• **Instructions to follow**
Return nothing but the lines from the one with "熱測試結(jié)果表明,芯" through the one with "Η εξόδιος ακολουθία" in the data below, word for word and without pictures.

Data records:

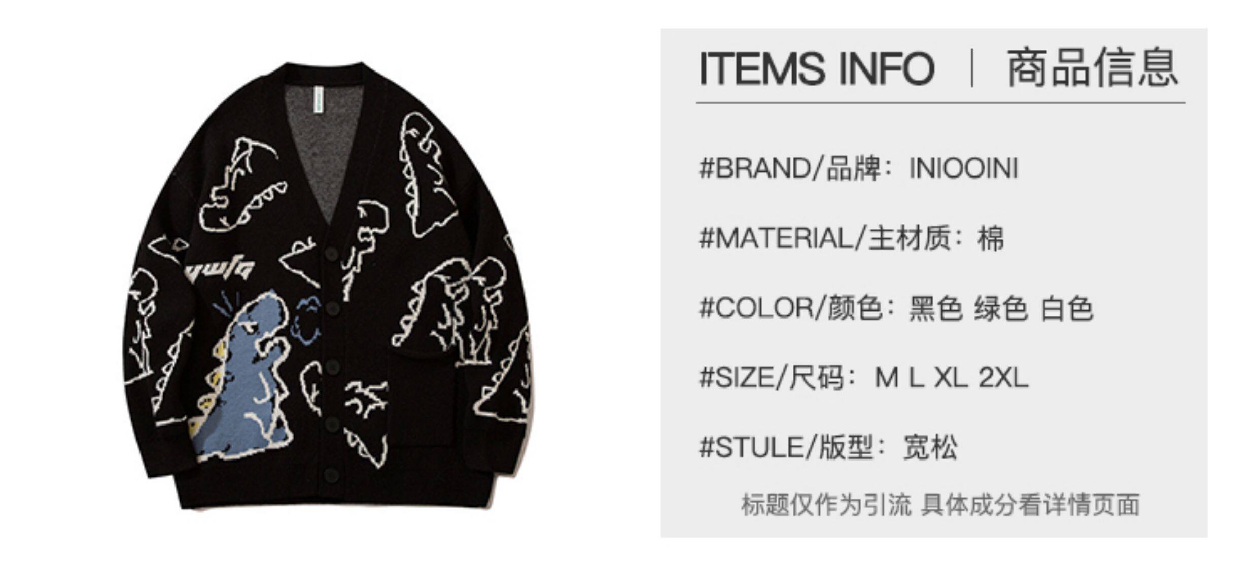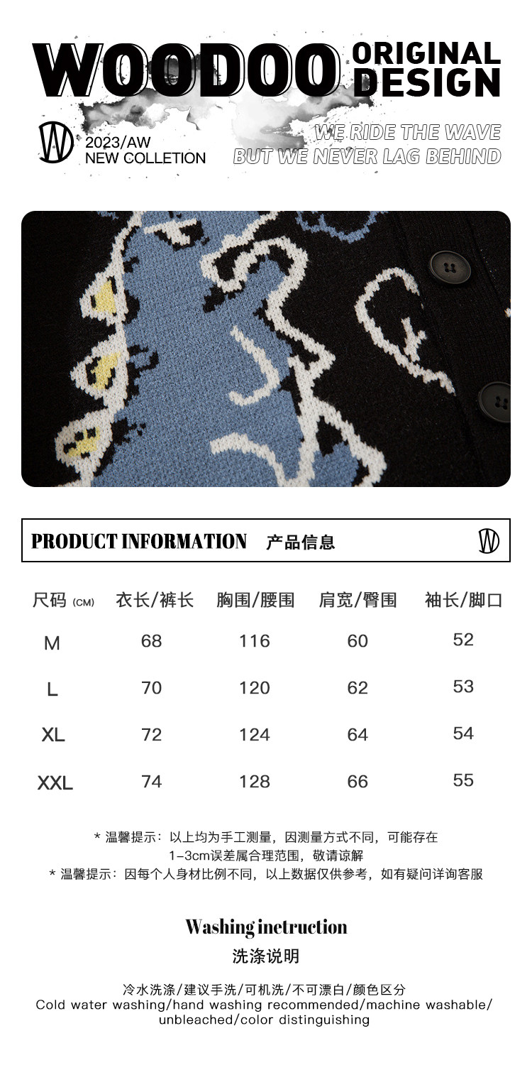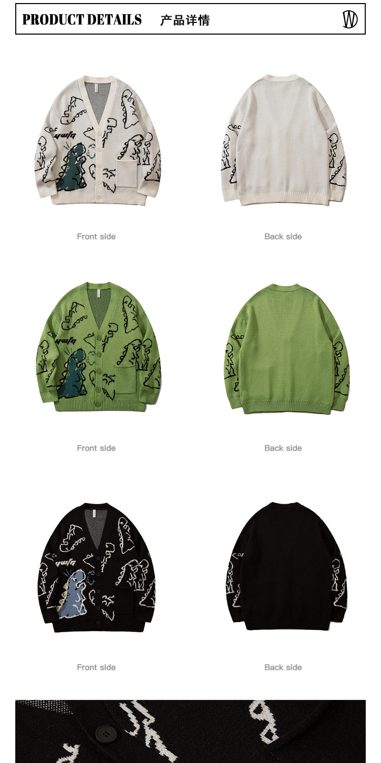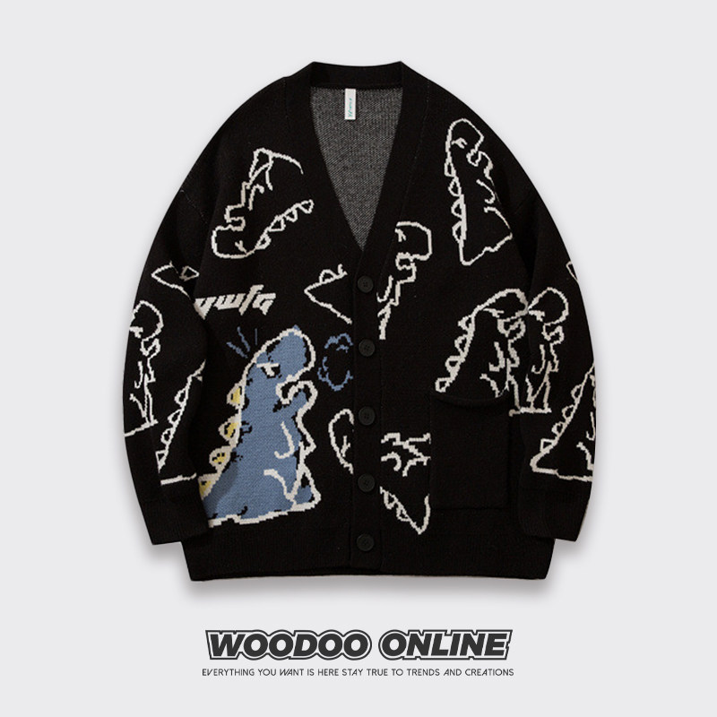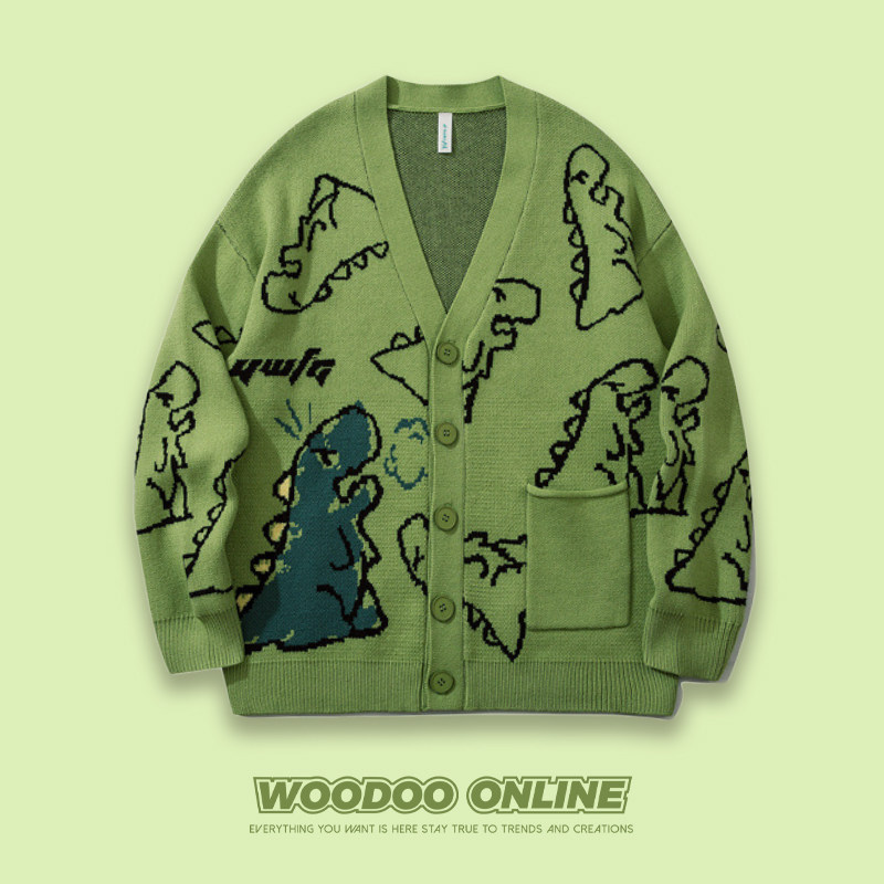 Дыхание дракона WOODOO дизайнерский бренд колледжа стиль мультфильм динозавр кардиган мужской и женский свитер
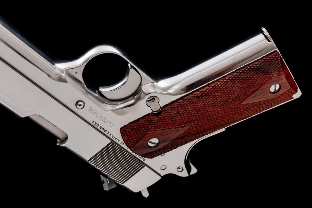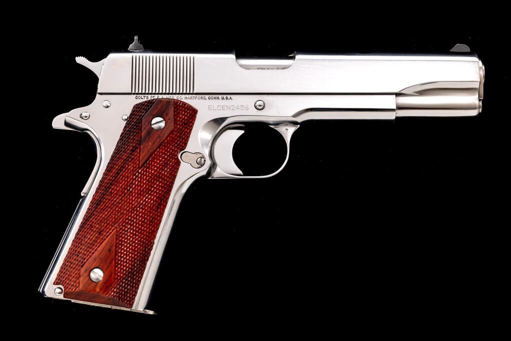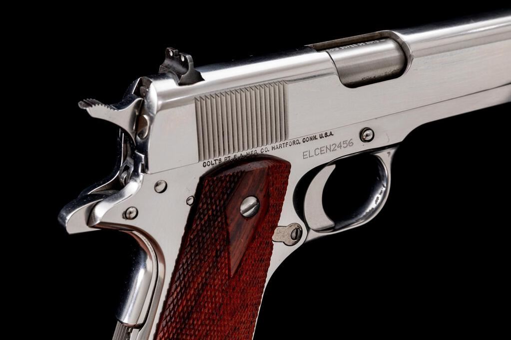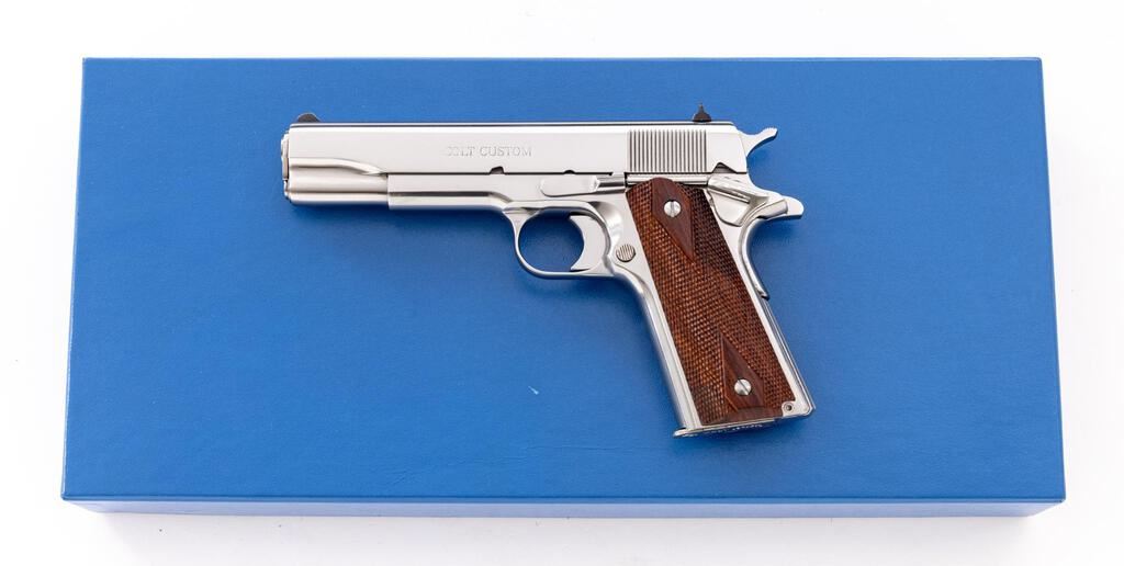 Colt Custom Shop Government Model .38 Super Semi-Automatic Pistol, #ELCEN2456, .38 Super cal., 5" barrel, bright stainless finish, checkered double diamond rosewood grips, white 3-dot sight configuration, with one bright stainless Colt magazine. Left side of slide is marked "COLT CUSTOM". In two-piece Custom Shop box, white exterior cardboard box with matching numbered end label, orange hang tag, cable lock, instruction manual, and misc. factory paperwork. Mfg'd 2001. Condition is excellent. Frame and slide with intermittent slight handling marks. Grips are like new with sharp checkering. Smooth action, bright bore with strong rifling. Internally very clean, appears unfired. Est.: $2,000-$2,500. (Modern/PPT)
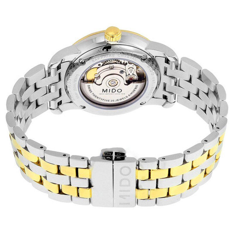 O Mido Baroncelli Jubilee Mostrador Branco 38 mm Interpreta os códigos da casa com serenidade e atenção à luz. Caixa em aço inoxidável, amarelo, Mostrador prateado, 38 mm.
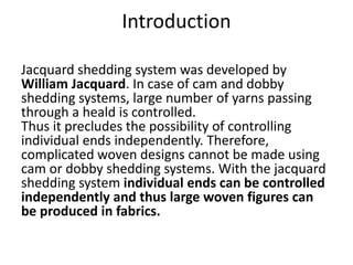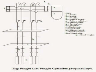 The document is a detailed presentation on the Single Lift Single Cylinder (SLSC) Jacquard system, highlighting its capabilities and advantages over traditional shedding systems like cam and dobby. SLSC Jacquard allows for the independent control of individual yarns, enabling the production of intricate woven designs without the use of heald shafts. It provides insights into its mechanical classification, operational mechanisms, and the unique features that facilitate complex fabric creation in textile engineering.
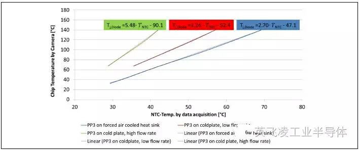 熱測試結(jié)果表明,芯片和NTC電阻之間的溫度差隨冷卻系統(tǒng)性能的提升而增加,所以對于不同的系統(tǒng)應(yīng)用工況,無法給出通用的芯片-NTC電阻溫度曲線。
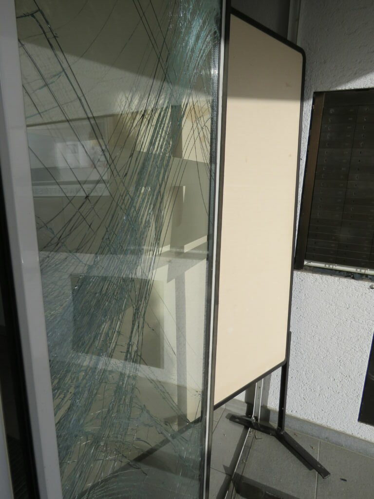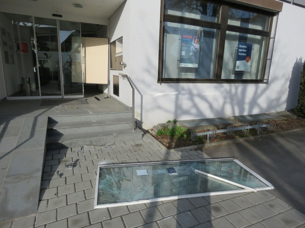 Spuren der Gewalt am und vor dem Arnacher Bankgebäude. Fotos (3): Gerhard Reischmann
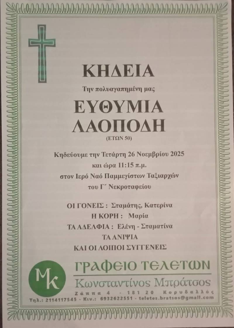 Η εξόδιος ακολουθία θα τελεστεί την Τετάρτη 27/11/2025, στο Γ’ Κοιμητήριο, στις 11:15 π.μ., στον Ιερό Ναό Ταξιαρχών (μικρή εκκλησία).
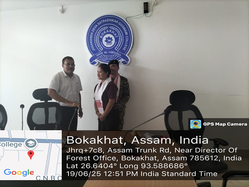 June 19, 2025On 19th June, 2025, 74 Assam NCC (Girls) Coy, JDSG College organised rank ceremony of 12 cadets. The cadets were felicitated by Lt. Col. S. Zamkholun, Officer Commanding, principal of the College Dr. Jayanta Gogoi, ANO Lt. Hirimpa Saikia and IQAC Assistant Coordinator Dr. Chiranjib Dahal. The program was initiated by ANO Lt. Hirimpa Saikia and was attended by Dikshya Saikia, Assistant Professor, Deptt. Of Commerce, JDSG College. The cadets who received ranks include Ms. Joyamoni Rabha (Under Officer), Borsha Bori (Sergeant), Bonti Das (CPL), Dipamoni Charo (CPL), Senget Engtipi (CPL), Pritisha Hazarika (L/ CPL), Anju Doley, (L/ CPL), Pratima Bora (L/CPL), Mondira Kardong (L/CPL), Borsha Rani Das (L/CPL), Bhumika Patgiri (L/CPL) and Bogitota Doley (L/CPL).
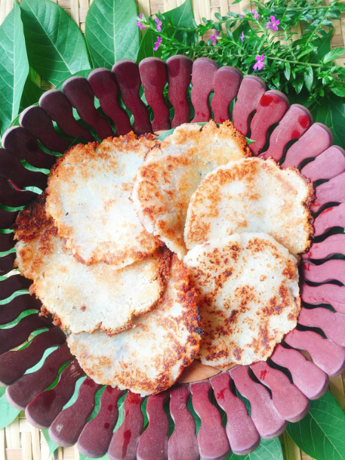 – Chảo nóng cho ít dầu, lấy một ít khoai cho vào chảo dùng muỗng đè thành một lớp mỏng rồi nướng với lửa nhỏ để bánh được chín đều, trở mặt thường xuyên cho bánh vàng giòn. Dùng nóng sẽ ngon hơn.
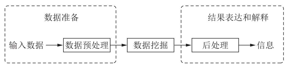 数据挖掘是数据库中知识发现( Knowledge Discovery in Data base,KDD )不可缺少的一部分。知识发现过程是将未加工的数据转换为有用信息的整个过程,由以下 3 个阶段组成:①数据准备;②数据挖掘;③结果表达和解释。如图 3-1 所示。该过程包括一系列转换步骤,从数据预处理到数据挖掘结果的后处理。输入数据可以是各种形式的数据,如平面文件、电子表格或关系表等,且可以存储在集中式数据库中,或分布在多个数据站点上。数据预处理的目的是将原始输入数据转换为适当的格式,以便进行后续分析。数据预处理涉及的步骤包括融合来自多个数据源的数据,清洗数据以消除噪声和重复的观测值,选择与当前数据挖掘任务相关的记录和特征等。由于收集和存储数据的方式多种多样,数据预处理可能是整个知识发现过程中最费力、最耗时的步骤。后处理通常指将数据挖掘结果集成到决策支持系统的过程,是数据挖掘后期结果表达与解释的重要步骤,能够确保只将那些有效的和有用的结果集成到决策支持系统中。后处理的一个例子是可视化,它使得数据分析者可以从各种不同的视角探查数据和数据挖掘结果。在后处理阶段,还能使用统计度量或假设检验,删除虚假的数据挖掘结果。
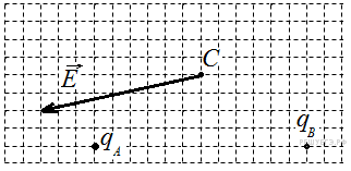 Направлению вектора напряженности электрического поля этих зарядов в точке A соответствует стрелка
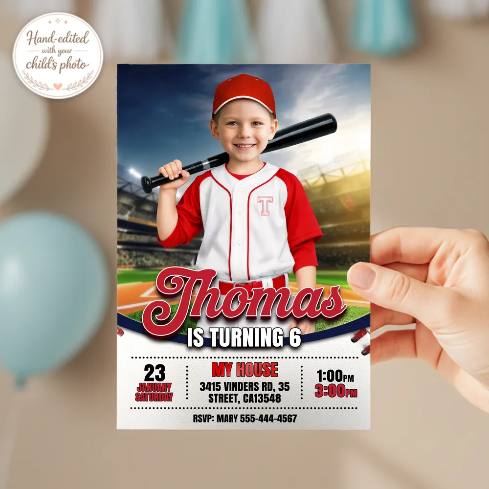 Get ready for a Grand Slam celebration! Our Baseball Invitation with Photo puts your child right on the home plate of a professional stadium. Featuring a bright, sunny game-day atmosphere, this design is perfect for any young athlete who loves the sport. Whether they are turning 5 or 10, this invitation makes them the star player of their own Major League event.

• **Answer**
 熱測試結(jié)果表明,芯片和NTC電阻之間的溫度差隨冷卻系統(tǒng)性能的提升而增加,所以對于不同的系統(tǒng)應(yīng)用工況,無法給出通用的芯片-NTC電阻溫度曲線。
 Spuren der Gewalt am und vor dem Arnacher Bankgebäude. Fotos (3): Gerhard Reischmann
 Η εξόδιος ακολουθία θα τελεστεί την Τετάρτη 27/11/2025, στο Γ’ Κοιμητήριο, στις 11:15 π.μ., στον Ιερό Ναό Ταξιαρχών (μικρή εκκλησία).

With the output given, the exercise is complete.